Another fatal mistake in disaster IT is the lack of contingency planning. Almost every IT manager has developed or at least conceptualized a disaster recovery plan. But what if the recovery plan takes weeks or months to implement? What contingency plan is in place? If you can not recover the server for payroll, is there a remote resource available to pay your employees? If the order processing system fails, will you be able to place orders from a remote site, to locate rolls in the warehouse, to print bills of lading, and make shipments to customers? Will you know your inventory levels and order position? Will you be able to receive raw materials and distribute the materials to the various manufacturing facilities to make products? Will you be able to schedule your remaining operating facilities? These are just a few of the questions you must answer during disaster IT.
Manufacturers have long used distributed processing in facilities, especially where you find process control and process automation systems.
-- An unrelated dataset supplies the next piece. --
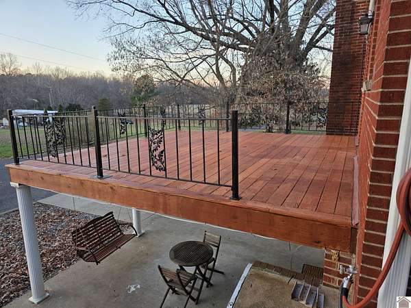 This property is a must see for anyone looking for space, privacy, and country living just minutes from Kentucky Lake. This move-in ready home sits on just over 30 wooded acres in North Marshall County, offering endless potential for family living, a weekend retreat, or a hunting getaway. The main level features 2 bedrooms and 2 baths, while the finished basement adds 2 more bedrooms, 1 bath, a full kitchen, and a large living area ideal for guests or in-laws. Outside, Enjoy peace of mind with a newly rebuilt, brand new deck two scenic ponds surrounded by mature trees and abundant wildlife. A large workshop with a second floor provides lots storage or room to finish additional space to suit your needs. There's also an additional area already equipped with plumbing, electrical, and septic perfect for adding another structure or guest home. If you've been searching for a private retreat with land, water, and a comfortable home close to the lake, this gem checks every box
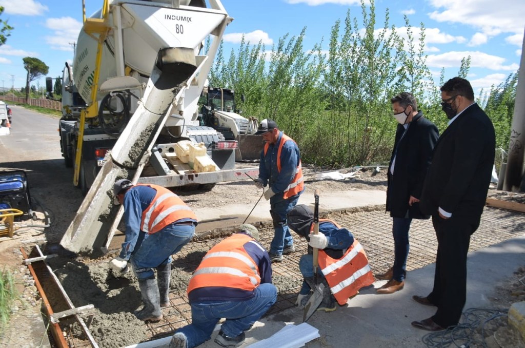 El funcionario detalló que “en el lugar se realizan trabajos de excavación, hormigonado de refuerzo de tabiques de hormigón de la primitiva estructura del canal de riego y el relleno con piedra bocha y calcáreo.

The reason for the distributed control is to ensure the loss of computer resources in one facility does not affect the operations at another facility. The use of distributed processing at the plant floor level can be a critical saving grace during such a disaster. The plant systems located in each production facility are usually autonomous from the business servers; these servers can provide accurate real-time production information to management. The plant systems IT experts can develop applications to merge production data with warehouse location data to provide visibility of inventory levels to management, which in turn will facilitate the shipping, invoicing, and order entry processes during the disaster. These distributed plant systems can provide valuable real-time information on the state of the company’s operations. In addition, the plant systems will allow production to continue.
Officials at the plant made several critical observations regarding disaster IT, the most significant of which are:
IT is a critical resource that affects every aspect of a company, especially during a disaster (such as the chlorine disaster in Graniteville, S.C.).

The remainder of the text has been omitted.